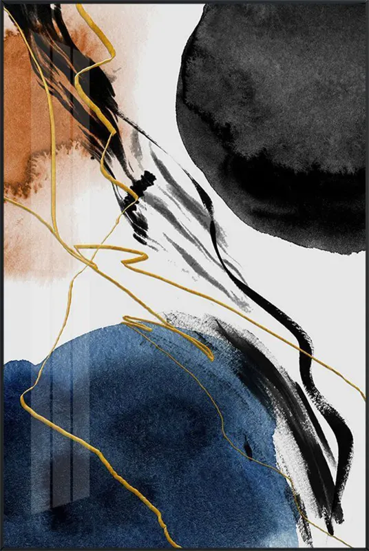 A navy blue shape on the bottom left corner, also outlined with a thin gold line, provides a striking contrast to the rest of the painting. The art piece has a rough and textured feel to it, giving it depth and dimension.
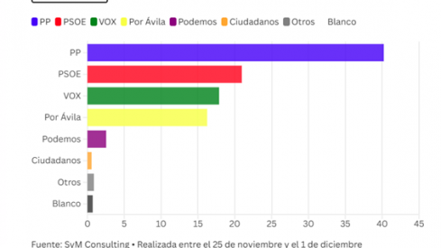 En Ávila, el PP volvería a ser el partido más votado, con un 40,22% de estimación de voto y entre tres –los que logró hace cuatro años– y cuatro procuradores. Segunda fuerza sería el PSOE, que rozaría el 21% de los votos y obtendría entre uno y dos representantes en las Cortes.
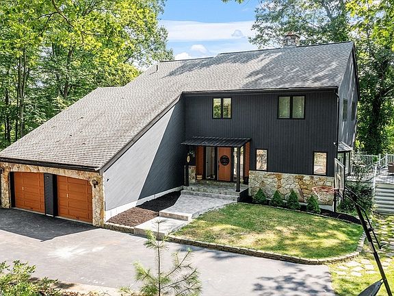 Discover this exquisite contemporary home featuring 4 bedrooms, 3.5 baths, and modern elegance throughout. Step into a stunning kitchen with stainless steel appliances, a stylish tile backsplash, spacious eat-in island, and abundant cabinetry. Enjoy the warmth of wood floors on both the first and second levels, complemented by sophisticated lighting. The expansive primary suite offers a luxurious bathroom with double vanity, custom tile shower, soaking tub, a vast walk-in closet, and a private balcony. Relish open-concept living with cathedral ceilings creating a grand ambiance on the main floor. The finished basement delights with a full bath, office, family game room, and two versatile bonus rooms. A two-car garage adds convenience, while the guest bathroom boasts a sleek tiled shower. Entertain on the wrap-around composite deck, ideal for gatherings. Nestled atop a hill in a tranquil cul-de-sac, enjoy breathtaking views and serene privacy. This home is a rare find!
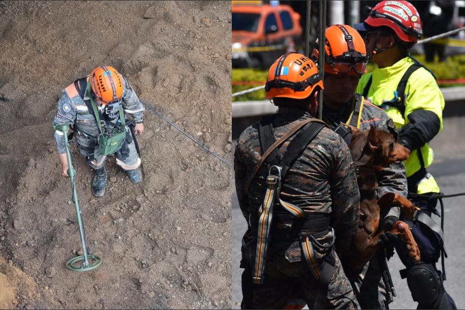 Socorristas han utilizado equipo especial para la búsqueda de dos mujeres que siguen desaparecidas y que cree que habrían caído dentro de los nuevos agujeros que se formaron en la zona 6 de Villa Nueva.
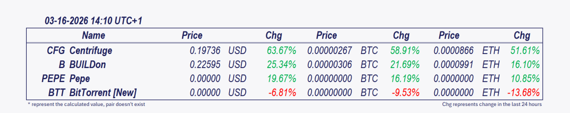 - Centrifuge and BUILDon: These cryptocurrencies have been the best performers over the past 24 hours, with Centrifuge leaping 63.35% since the morning update. 💡Bullish Momentum The surge is a classic high-volume breakout, suggesting strong conviction. However, moves this rapid often see sharp corrections if support fails. Key watch: Can CFG establish a new support base above $0.200, or will the volume dry up and lead to a volatile reversal?
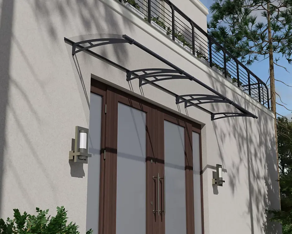 - Avec son design intemporel, l’auvent de porte Aquila ultra-résistant saura parfaitement s’adapter à votre maison.
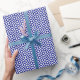 This bold blue and white geometric pattern is an original ornamental design. White meanders angle around dark blue diamonds containing white diamonds. Vibrant blue zigzags provide subtle separation between the winding paths.
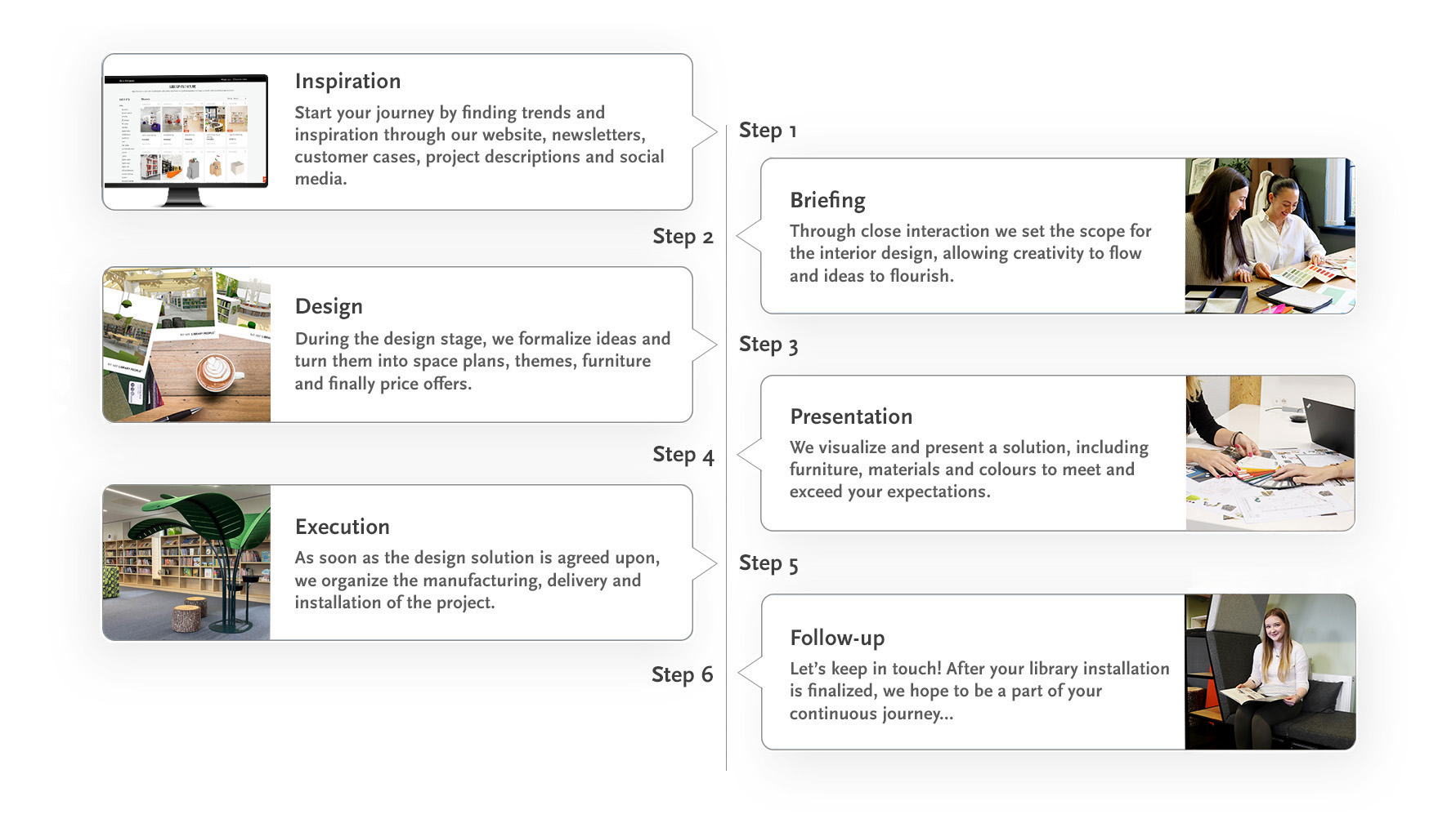 Our aim is to be a close partner and a source of inspiration throughout the journey towards a brand new or refurbished library.
++++++++
TASK ITEM:
Leave out the pictures and return, exactly as written, only the lines from the line with "- Avec son design" through the end of the records above.

SOLVED PROBLEM:
 - Avec son design intemporel, l’auvent de porte Aquila ultra-résistant saura parfaitement s’adapter à votre maison.
 This bold blue and white geometric pattern is an original ornamental design. White meanders angle around dark blue diamonds containing white diamonds. Vibrant blue zigzags provide subtle separation between the winding paths.
 Our aim is to be a close partner and a source of inspiration throughout the journey towards a brand new or refurbished library.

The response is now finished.